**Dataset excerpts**

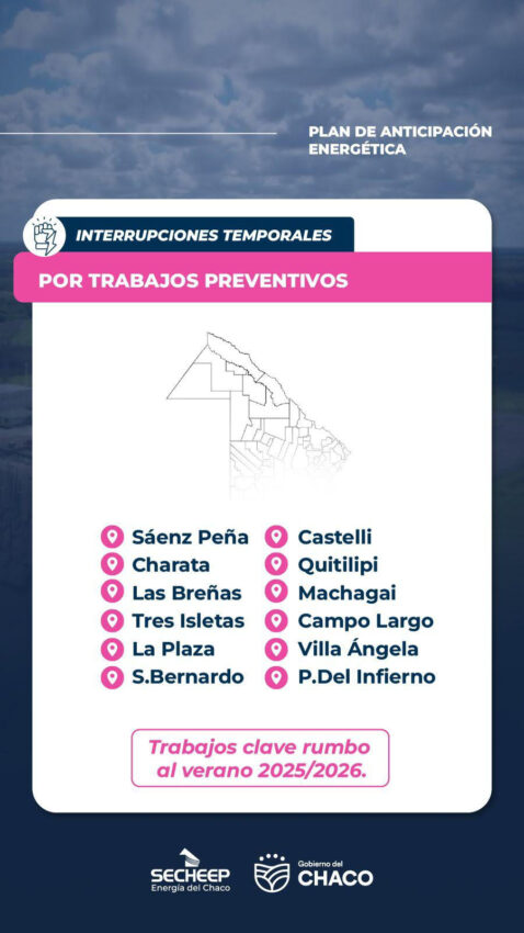 Entre el martes 10 y el jueves 12 de junio, de 8.30 a 17 hs, podrían registrarse interrupciones temporales del servicio en distintas localidades del interior provincial. Las zonas que podrían verse afectadas comprenden a importantes centros urbanos del interior como Presidencia Roque Sáenz Peña, Villa Ángela, Charata, Juan José Castelli, Quitilipi, Machagai, Las Breñas, Campo Largo, San Bernardo, Pampa del Infierno, Presidencia de la Plaza, Tres Isletas y otras localidades abastecidas por esta red troncal.
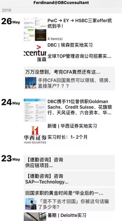 从对话内容来看,该公众号涵盖的机构职位非常广,包括券商、银行、四大会计师事务所、外资咨询机构。
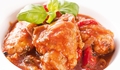 Інгредієнти:1,5 кг курки,600 г помідорів,300 г болгарського перцю,300 г цибулі,1 кисле яблуко,1 головка часнику,пучок петрушки,пучок кінзи,5
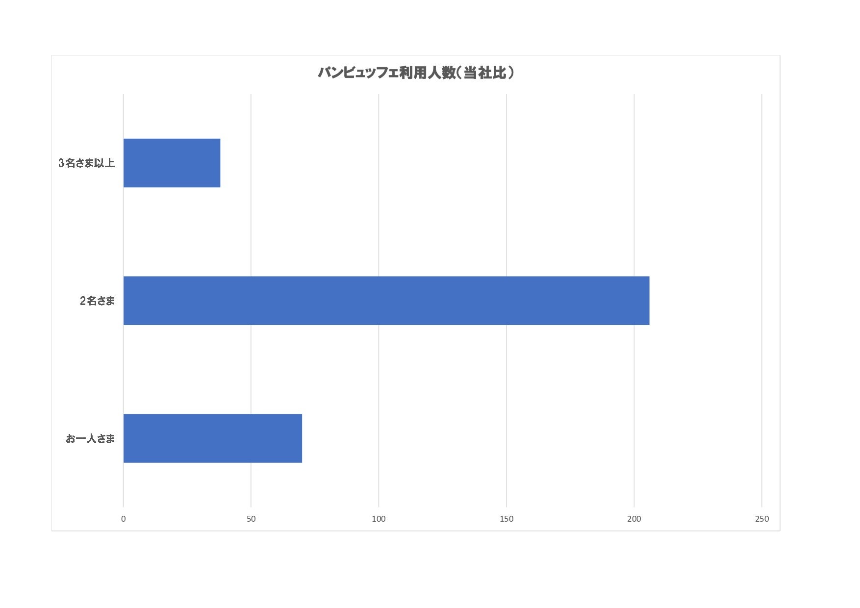 「お一人さま」は日本人のライフスタイルの1つとして定着してきており、現在では「充実した時間を過ごせる」「丁寧な暮らしを追求する」というプラスのイメージに変わってきています。過去開催した「パンビュッフェ」の利用者数をみても「お一人さま」は全体の約3割に上ります。
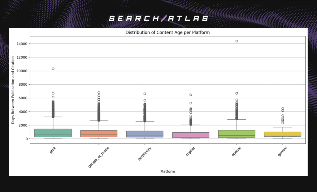 - Across platforms, the median content age typically falls within 3–4 years, with a long tail of much older citations indicating occasional reliance on legacy web material.

**What is expected**
What is needed is an exact copy of the lines from the start of the records through the line containing "从对话内容来看,该公众号涵盖", with no pictures.

**Your solution**
 Entre el martes 10 y el jueves 12 de junio, de 8.30 a 17 hs, podrían registrarse interrupciones temporales del servicio en distintas localidades del interior provincial. Las zonas que podrían verse afectadas comprenden a importantes centros urbanos del interior como Presidencia Roque Sáenz Peña, Villa Ángela, Charata, Juan José Castelli, Quitilipi, Machagai, Las Breñas, Campo Largo, San Bernardo, Pampa del Infierno, Presidencia de la Plaza, Tres Isletas y otras localidades abastecidas por esta red troncal.
 从对话内容来看,该公众号涵盖的机构职位非常广,包括券商、银行、四大会计师事务所、外资咨询机构。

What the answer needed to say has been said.